0
votes
url <- "ftp://ftp.sra.ebi.ac.uk/vol1/fastq/SRR105/056/SRR10503056/SRR10503056.fastq.gz" 
for (i in 1:20){
  RCurl::getURL(url, ftp.use.epsv = FALSE, dirlistonly = TRUE)
}

Error: Error in function (type, msg, asError = TRUE) : Recv failure: Connection reset by peer

Why does this happen ? Do you need a wait timer between curl calls to avoid the error ? Is it from the server side ?

> sessionInfo()

R version 4.1.0 (2021-05-18) Platform: x86_64-pc-linux-gnu (64-bit) Running under: Ubuntu 20.04.2 LTS

Matrix products: default BLAS: /usr/lib/x86_64-linux-gnu/blas/libblas.so.3.9.0 LAPACK: /usr/lib/x86_64-linux-gnu/lapack/liblapack.so.3.9.0

locale: [1] LC_CTYPE=en_US.UTF-8 LC_NUMERIC=C LC_TIME=nb_NO.UTF-8 LC_COLLATE=en_US.UTF-8 LC_MONETARY=nb_NO.UTF-8
[6] LC_MESSAGES=en_US.UTF-8 LC_PAPER=nb_NO.UTF-8 LC_NAME=C LC_ADDRESS=C LC_TELEPHONE=C
[11] LC_MEASUREMENT=nb_NO.UTF-8 LC_IDENTIFICATION=C

attached base packages: [1] stats4 parallel stats graphics grDevices utils datasets methods base

RCurl version: 1.98-1.3

1
As noted in this thread: stackoverflow.com/questions/16338668/… The sys.sleep(0.2) does indeed make it more stable, but it even failed up to: sys.time(0.5). At sys.time(1.0), I have not managed to make it crash yet, will test a bigger loop to make sure, if this is the case, I could catch the error, run sys.sleep(1.0) and try again. I would still like some info, if anyone have a more detailed answer.Roler

1 Answers

0
votes

Ok, I have a solution that has not failed for me: I create a try catch with a max attempt iterator, default 5 attempts with a wait time of 1 second, in addition to a general wait time of 0.05 seconds per accepted url request.

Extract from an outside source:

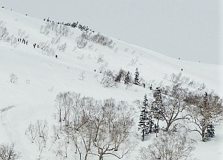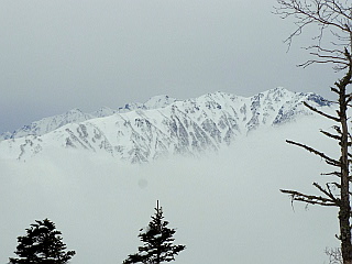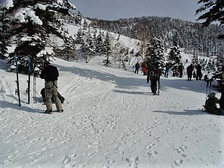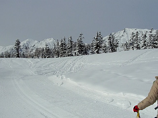 | 山行記 | ●3月12日から栂池のロープウェイが運行を開始するというので、運行開始から2日目に当たるこの日、栂池自然園まで上がってみることにした。 ●宿から、スノーシューを担いで栂池高原駅からゴンドラで栂の森駅まで行き、脱ぎ履きが面倒なのでスノーシューを履かないで栂大門駅へ移動してロープウェイで自然園駅まで行く。 ●ロープウェイにはスノーボードやスキー、スノーシューなどいろいろな人が乗っていたが、自然園駅で降りると、皆そのままツアーコースへ向かい、栂池自然園方面へ行く人は見当たらなかった。 ●それでも、こちらはスノーシューを履き、栂池自然園方面へ圧雪されたばかりの雪を踏みしめながら緩やかに登っていく。行く手には、青空ではないので少しすっきりしないが、黒い岩の目立つ雪の白馬三山を見ることができる。 ●栂池自然園入口の山荘や売店はまだ営業していないので、そのまま自然園に入る。ようやく後続の人たちが追い付いてくるが、皆山スキーを楽しむ人たちのようだ。 ●見渡す限りの雪原で、トレースも至る所にあり、どこを歩けばいいのかわからないので、とりあえず、自分たちを追い抜いていった山スキーのカップルに着いていくことにした。空では、轟音を立ててヘリスキーのヘリが頻繁に行き来していた。 ●目標とする展望湿原は最初から見えているが、まだまだ遠く、標高差もまだありそうだ。それでも、思ったより寒くなく、むしろ汗をかく程で、快適に進んでいくが、どうやら前を行くカップルが、展望湿原を目指していないようで、コースが違うようなので、正しいと思えるトレースに向けてコースを修正する。 ●いろいろと迷い、コースを変更しながら展望湿原のあるピークを目指して進むと、展望湿原へ登るトレースが1本だけ見えるが、それはいかにも急で、たぶん山スキーで滑り降りた跡のようだった。 ●それ以外のコースをいろいろ探してみたが、結局見つからないのでその山スキーのトレースを辿って半ば強引に展望湿原のあるピークに続く尾根上に出る。尾根の上からは、高妻山や妙高山などの北信五岳などを展望することができた。 ●そこから展望湿原へは緩やかに少し登るだけだ。さすがに展望湿原というだけあって、青空ではないので白い空に溶け込んでしまって残念だが、それでも白馬三山の眺めは圧巻で、それに続く唐松岳や五竜岳、鹿島槍ヶ岳なども見ることができた。 ●また、展望湿原周辺にはホシガラスが飛び交っており、白馬乗鞍岳や小蓮華岳の斜面には、ツアーコースを滑り降りる山スキーの人達の姿を確認することができた。 ●展望湿原でしばらく時間を過ごした後、下山を始める。下ってみると急な箇所が多く、スノーシューでは少し大変だが、そりを持ってきた妻はそれを使って滑り降りるのを楽しんでいた。 ●栂池自然園入口近くまで戻ると、スノーシューを履いたツアーの集団やスノーボードを担いで小ピークを登る集団など、来た時とは違って随分賑やかになっていた。 ●まだ時間も早く、下るのはもったいないような気もしたが、昼も近くお腹も空いてきたので、ロープウェイ、ゴンドラを乗り継いで下まで下り、スキーで来ていた時によく寄ったお好み焼き屋を久々に訪れ、お昼と運動の後のビールを頂いた。 |

Let me know if anyone has a safer idea:

safe.url <- function(url, attempt = 1, max.attempts = 5) {
    tryCatch(
      expr = {
        Sys.sleep(0.05)
        RCurl::getURL(url, ftp.use.epsv = FALSE, dirlistonly = TRUE)
      },
      error = function(e){
        if (attempt >= max.attempts) stop("Server is not responding to download data,
                                      wait 30 seconds and try again!")
        Sys.sleep(1)
        safe.url(url, attempt = attempt + 1, max.attempts = max.attempts)
      })
  }

url <- "ftp://ftp.sra.ebi.ac.uk/vol1/fastq/SRR105/056/SRR10503056/SRR10503056.fastq.gz" 
for (i in 1:100){
  safe.url(url)
}